SUPPLIED INFORMATION:
....

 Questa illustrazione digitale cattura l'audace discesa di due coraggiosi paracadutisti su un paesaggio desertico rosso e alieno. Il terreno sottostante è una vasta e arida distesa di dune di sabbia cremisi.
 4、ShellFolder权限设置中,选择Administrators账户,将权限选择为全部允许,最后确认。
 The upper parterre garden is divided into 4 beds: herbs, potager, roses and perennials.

....

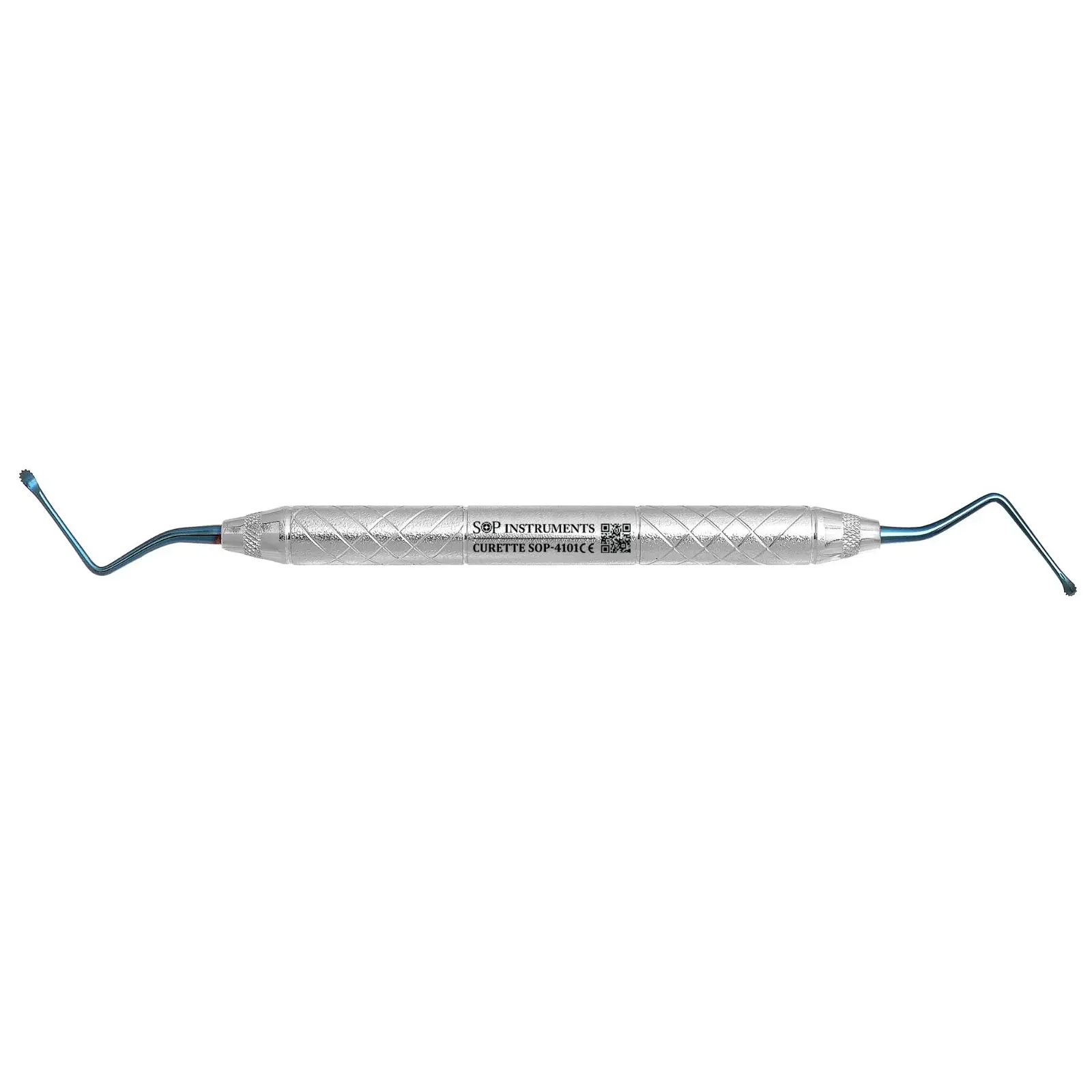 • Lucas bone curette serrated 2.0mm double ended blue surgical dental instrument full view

....

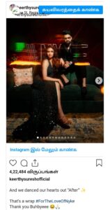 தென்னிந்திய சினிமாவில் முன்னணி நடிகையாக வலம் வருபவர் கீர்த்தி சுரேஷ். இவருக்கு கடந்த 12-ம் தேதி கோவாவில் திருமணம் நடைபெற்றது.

....

WHAT THE TASK ASKS: Above are the entries. Quote exactly the lines from the one bearing "Questa illustrazione digitale" through the one bearing "The upper parterre".

EXERCISE RESULT:
 Questa illustrazione digitale cattura l'audace discesa di due coraggiosi paracadutisti su un paesaggio desertico rosso e alieno. Il terreno sottostante è una vasta e arida distesa di dune di sabbia cremisi.
 4、ShellFolder权限设置中,选择Administrators账户,将权限选择为全部允许,最后确认。
 The upper parterre garden is divided into 4 beds: herbs, potager, roses and perennials.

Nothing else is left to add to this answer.